Sunday, September 16, 2018

Nate Hood on Commander Arian - A Story of Women, War & Freedom (2018) Camden International Film Festival

Ever since the rise of Daesh as an internationally destabilizing threat in 2014, documentaries on the so-called Islamic Caliphate have been a constant on the festival circuit. Some like Bernard-Henri Lévy’s dreadful Peshmerga (2016) immerse the audience into the actual fighting, examining on-the-ground battlefield crises and the day-to-day struggles of the freedom fighters. Others like Matthew Heineman’s superb City of Ghosts (2017) examines the plight of the displaced and/or terrorized populations suffering under their rule from the perspective of the scant few who’ve escaped. Alba Sotorra’s Commander Arian: A Story of Women, War, and Freedom is both, mixing unnerving battlefield footage with introspective examinations of the psychological and physical toll suffered by the soldiers.
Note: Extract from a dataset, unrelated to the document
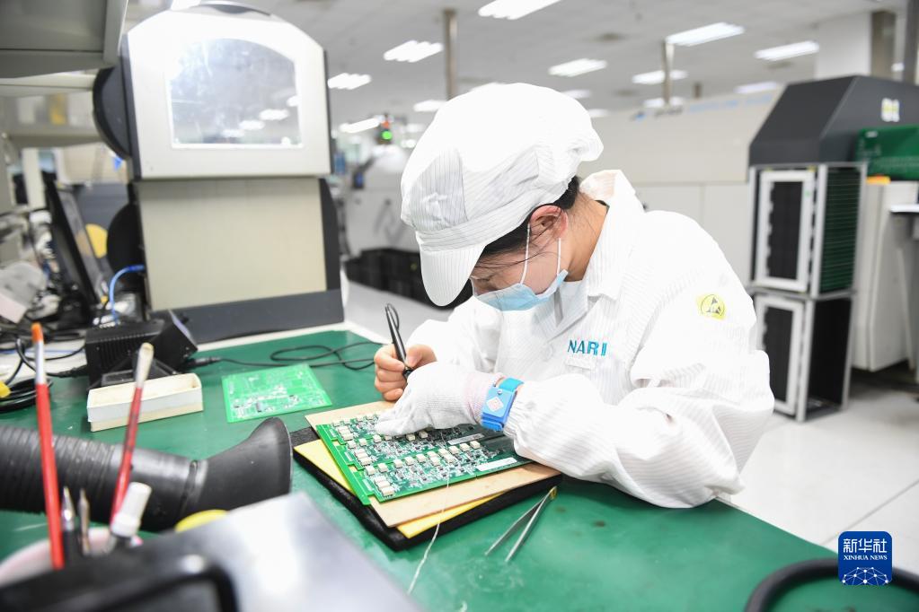 7月7日,在南瑞集團有限公司智能制造生產(chǎn)區,工人維修電路板。

The film centers on the eponymous Arian Afrin, a commander in the Women’s Protection Unit (YPJ), a resistance army of Syrian-Kurdish women that arose in 2013. During an operation, Afrin’s unit was ambushed and she was shot five times by a combatant hiding in a hencoop. The bullets entered her spine, elbow, lung, and sacrum, necessitating a series of gruesome operations leaving her with a ghastly stomach scar not unlike one left by a cesarean. Several feet of intestines needed to be removed, and her bowels never fully healed, leaving her perpetually leaking urine and other fluids. The film opens with Afrin nearing the end of her convalescence as she reintegrates back into her unit as they begin their final push to retake the captured city of Kobane. Though she still hasn’t regained full use of her arms and retains a limp, she still joins her sisters-in-arms in deadly firefights. But the film is mostly interested in the still, quiet moments in between the fighting where Afrin sits, listens, tends her wounds, and eats her meals with her fellow women soldiers.
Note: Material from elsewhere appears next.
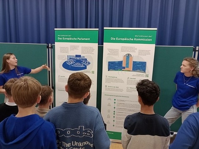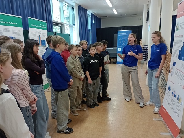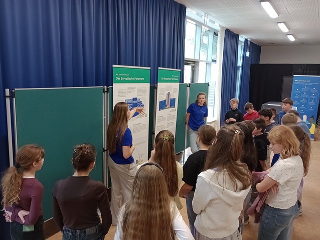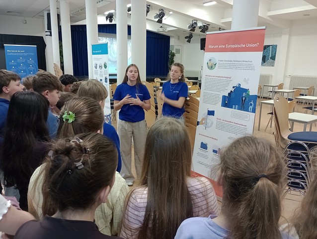 Als erstes größeres Projekt konnten unsere Juniorbotschafter den Schülern der 6. Klassen die Ausstellung „EU on Tour“ näherbringen. Diese Wanderausstellung geht der Frage nach: Wie funktioniert die Europäische Union und warum geht sie uns alle etwas an? Auf der Basis von mehreren Roll-Ups mit Informationen zur Europäischen Union haben unsere Juniorbotschafterinnen F. Jansen und L. Mojert (EF) die Schüler der 6. Klassen über die EU informiert, die auf diese Weise mit wichtigen Aspekten der Gemeinschaft in Kontakt kommen und einen Blick auf die Institutionen der EU (Parlament und Kommission) sowie die Handlungsfelder der EU werfen konnten.

As the title explains, this is a story of women, so even more than the combat footage—which Sotorra clearly risked her life for—the film concerns itself with their fears, memories, and hopes. What is it like to not just be a woman soldier, but a WOMAN in a world gone topsy-turvy from sectarian violence? Pointedly, there’s no sense of triumph at the end of the film, even when they retake Kobane. Instead there’s merely a sense of relief that it’s over and a tired determination that there’s still much more to do.